KENDARI – Dalam PKPU Nomor 20 Tahun 2018 Pasal 7 ayat 1 huruf s, anggota DPR atau DPRD yang dicalonkan oleh Parpol yang berbeda, maka ia harus mengundurkan diri dari jabatannya.
Fenomena ini juga terjadi di Sulawesi Tenggara (Sultra), banyak Anggota DPRD kabupaten/kota, provinsi bahkan DPR RI yang kembali maju bertarung dengan menggunakan kendaraan politik yang berbeda.
Namun hal ini dalam ilmu pemerintahan memiliki kajian tersendiri soal mundurnya Anggota DPRD yang berpindah partai tersebut.

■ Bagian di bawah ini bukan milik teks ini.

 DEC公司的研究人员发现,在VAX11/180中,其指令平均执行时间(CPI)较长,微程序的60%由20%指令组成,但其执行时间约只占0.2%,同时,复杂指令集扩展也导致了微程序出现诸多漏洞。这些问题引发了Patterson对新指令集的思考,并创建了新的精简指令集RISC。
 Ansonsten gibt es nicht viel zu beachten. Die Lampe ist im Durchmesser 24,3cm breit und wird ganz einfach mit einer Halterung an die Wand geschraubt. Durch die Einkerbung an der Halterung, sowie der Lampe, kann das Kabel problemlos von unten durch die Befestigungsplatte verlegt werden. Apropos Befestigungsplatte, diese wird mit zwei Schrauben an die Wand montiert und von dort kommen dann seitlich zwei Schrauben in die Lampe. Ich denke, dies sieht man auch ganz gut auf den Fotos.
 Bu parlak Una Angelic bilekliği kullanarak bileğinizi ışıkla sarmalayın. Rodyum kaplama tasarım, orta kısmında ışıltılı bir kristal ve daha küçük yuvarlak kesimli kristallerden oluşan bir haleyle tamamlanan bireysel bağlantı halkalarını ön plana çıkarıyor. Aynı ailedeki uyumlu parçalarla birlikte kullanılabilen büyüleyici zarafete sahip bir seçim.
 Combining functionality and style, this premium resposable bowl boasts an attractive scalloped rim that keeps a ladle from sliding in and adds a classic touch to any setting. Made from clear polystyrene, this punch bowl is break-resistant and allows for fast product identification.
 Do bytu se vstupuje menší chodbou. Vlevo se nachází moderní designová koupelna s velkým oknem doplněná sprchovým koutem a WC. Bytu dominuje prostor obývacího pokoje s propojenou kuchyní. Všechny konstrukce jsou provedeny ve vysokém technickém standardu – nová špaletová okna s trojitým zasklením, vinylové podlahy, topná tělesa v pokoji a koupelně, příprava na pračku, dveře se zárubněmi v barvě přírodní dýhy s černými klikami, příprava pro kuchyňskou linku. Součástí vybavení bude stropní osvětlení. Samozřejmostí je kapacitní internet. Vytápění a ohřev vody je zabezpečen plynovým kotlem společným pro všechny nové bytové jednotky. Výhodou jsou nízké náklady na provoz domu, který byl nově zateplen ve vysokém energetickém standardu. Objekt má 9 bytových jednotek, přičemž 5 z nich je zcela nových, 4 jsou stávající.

Kepala Bagian (Kabag) Otonomi Daerah (Otda) Biro Pemerintahan Setda Sultra, Tomi Indra Sukiadi mengatakan, jika ada anggota DPRD maju dengan menggunakan partai lain dan masih menjabat sampai saat ini, jika pemberhentiannya belum diteken oleh gubernur maka hal tersebut wajar-wajar saja.

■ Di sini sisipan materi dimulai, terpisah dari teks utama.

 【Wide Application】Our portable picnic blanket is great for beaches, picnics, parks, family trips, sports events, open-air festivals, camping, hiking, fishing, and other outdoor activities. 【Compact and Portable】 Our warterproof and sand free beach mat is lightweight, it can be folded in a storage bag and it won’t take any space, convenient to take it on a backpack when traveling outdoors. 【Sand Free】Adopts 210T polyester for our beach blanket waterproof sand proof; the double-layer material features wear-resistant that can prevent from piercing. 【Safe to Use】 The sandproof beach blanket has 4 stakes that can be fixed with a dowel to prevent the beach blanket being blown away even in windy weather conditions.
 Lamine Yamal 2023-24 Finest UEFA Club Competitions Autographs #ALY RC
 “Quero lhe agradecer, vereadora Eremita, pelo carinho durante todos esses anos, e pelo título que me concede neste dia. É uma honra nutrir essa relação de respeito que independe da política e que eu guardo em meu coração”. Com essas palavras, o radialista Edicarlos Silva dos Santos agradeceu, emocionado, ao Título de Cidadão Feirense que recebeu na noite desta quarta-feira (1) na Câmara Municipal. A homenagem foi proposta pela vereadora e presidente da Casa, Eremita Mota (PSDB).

Sebab dalam aturan pemerintaham pemberhentian dan pengangkatan anggota DPRD SKnya ditandatangani oleh gubernur.
“Jika ada anggota DPRD maju kembali menjadi caleg dengan menggunakan partai lain maka partai awalnya harus mengusulkan PAW. Jika belum di PAW maka dia masih wajar untuk menjabat, ” katanya saat ditemui di Kendari, Rabu (25/07/2018).
Soal usulan pemberhentian tersebut kuncinya ada dalam partai awal Caleg yang berpidah partai tersebut.

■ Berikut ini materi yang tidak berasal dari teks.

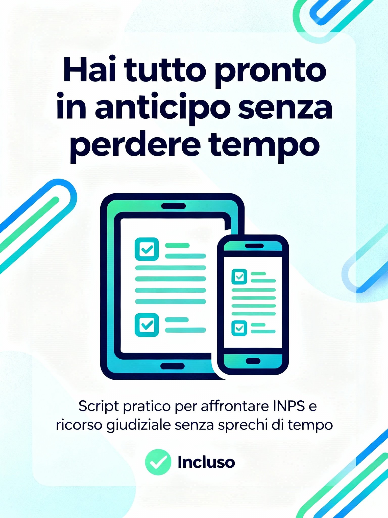 "L'avvocato mi voleva 4.500€ di anticipo. Con questa guida ho fatto il ricorso amministrativo da solo - non serve avvocato ed è gratis. L'INPS ha respinto. Allora sono passato al tribunale: avevo tutto pronto, l'avvocato ha solo depositato. Mi ha chiesto 800€ invece di 4.500€. Otto mesi dopo: ricorso vinto, 4.300€ di arretrati. Ho risparmiato una fortuna."
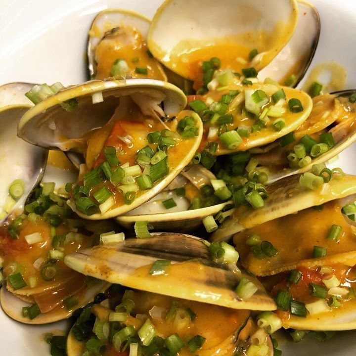 三重県産蛤のカレークリーム煮 そのジュで作ったリゾット。暑い日が続いて完全にバテていますが頑張って乗り切りましょう!この料理は蛤が手に入った時の特別料理です。ディナーのアラカルトで提供します。
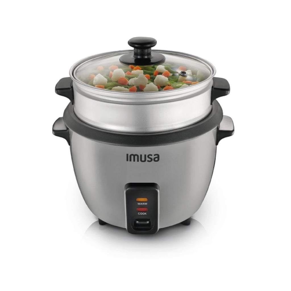 Olla Arrocera Gris 3 Tazas IMUSA La arrocera IMUSA te permite cocinar perfectamente cualquier tipo de arroz, garantiza una cocción perfecta del arroz. • Cuenta con una capacidad de 3 tazas. • Incluye cesta de vapor para cocinar saludablemente. • Recipiente antiadherente y removible que facilita la limpieza. • Incluye cuchara y taza medidora para obtener la medida perfecta. Garantía de 1 año, respaldo y calidad IMUSA. ¡En tu Cocina y Hogar está IMUSA! Solo para uso doméstico. No calientes o utilice el producto sin alimento en el interior. No uses utensilios metálicos ya que pueden deteriorar el antiadherente. No almacenes alimentos en el producto ya que puede generar manchas y,s de color. No cortes alimentos dentro del producto. Usar utensilios de silicona, madera o nylon.
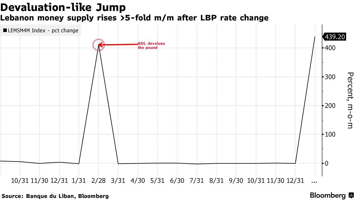 陷入危机的黎巴嫩,这个被投资者认为是世界上风险最高的国家,仅在一个月内看到其货币供应量增加了五倍多。
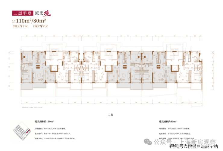 项目主打3层的超低密洋房产品,另有3套联排产品,户型类型丰富;洋房为创新的多层退台式洋房,层高高于传统常规洋房产品,3.3-3.6m层高对标别墅产品层高。
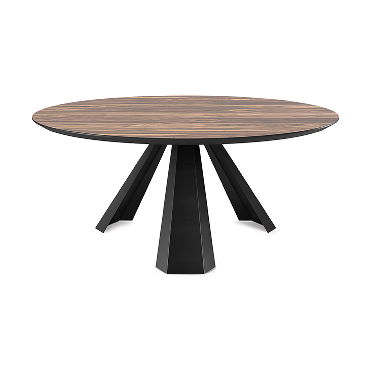 Стіл з основою з титану (GFM11), бронзи (GFM18), графіту (GFM69), білого (GFM71) або чорного (GFM73) тиснення з лакованої сталі. Верх 15 мм з білого або графітового фарбованого прозорого матового скла або білого каррарського (BC), мармуру Emperador (EMP), горіха каналетто (NC) або обпаленого дуба (RB). Мармурові вершини складаються з чотирьох часточок. Додатковий центральний поворотний лоток Lazy Susan.Характеристики

Tomi menyebut contoh, misalnya dari anggota DPRD tersebut dulunya maju menggunakan partai A dan sekarang kembali menjadi caleg dengan partai B maka yang mengusulkan pemberhentian tersebut adalah partai A.
Pemerintah provinsi sendiri tidak akan memberhentikan jika tidak ada usulan dari partai awal.
“Ketika diusulkan pemberhentiannya maka akan di proses oleh pemerintah provinsi. Partai bersurat ke DPRD untuk pemberhentian, kemudian DPRD bersurat ke KPU siapa yang layak menggantikan anggota dewan tersebut, setelah itu, KPU bersurat kembali ke DPRD siapa yang menggantikan. Nanti DPRD mengusulkan penggantinya ke Bupati kemudian bupati meneruskan pemberhentian tersebut ke gubernur,” urai Tomi.
“Apabila sudah ada teken pemberhentian dari gubernur maka anggota dewan tersebut wajib melepas semua fasilitas negara karena sudah tidak anggota DPRD lagi,” sambungnya.
Tomi menjelaskan, semua pemberhentian anggota dewan yang berpindah partai tergantung usulan dari partai awal.
“Pemberhentian anggota yang pindah partai itu tergantung partai awalnya kapan mengusulkan PAWnya,” jelasnya.
Soal konsekuensi yang pindah partai kemudian diberhentikan kemudian masih menggunakan fasilitas, maka hal tersebut dikembalikan ke Individunya.
Dikatakannya, harusnya melepas semua fasilitas negara karena sudah tidak menjabat lagi sebagai anggota legislatif.
“Bukan rana saya ya, tapi seharusnya fasilitas itu ditinggalkan karena sudah bukan lagi anggota DPRD, ” tukas Tomi.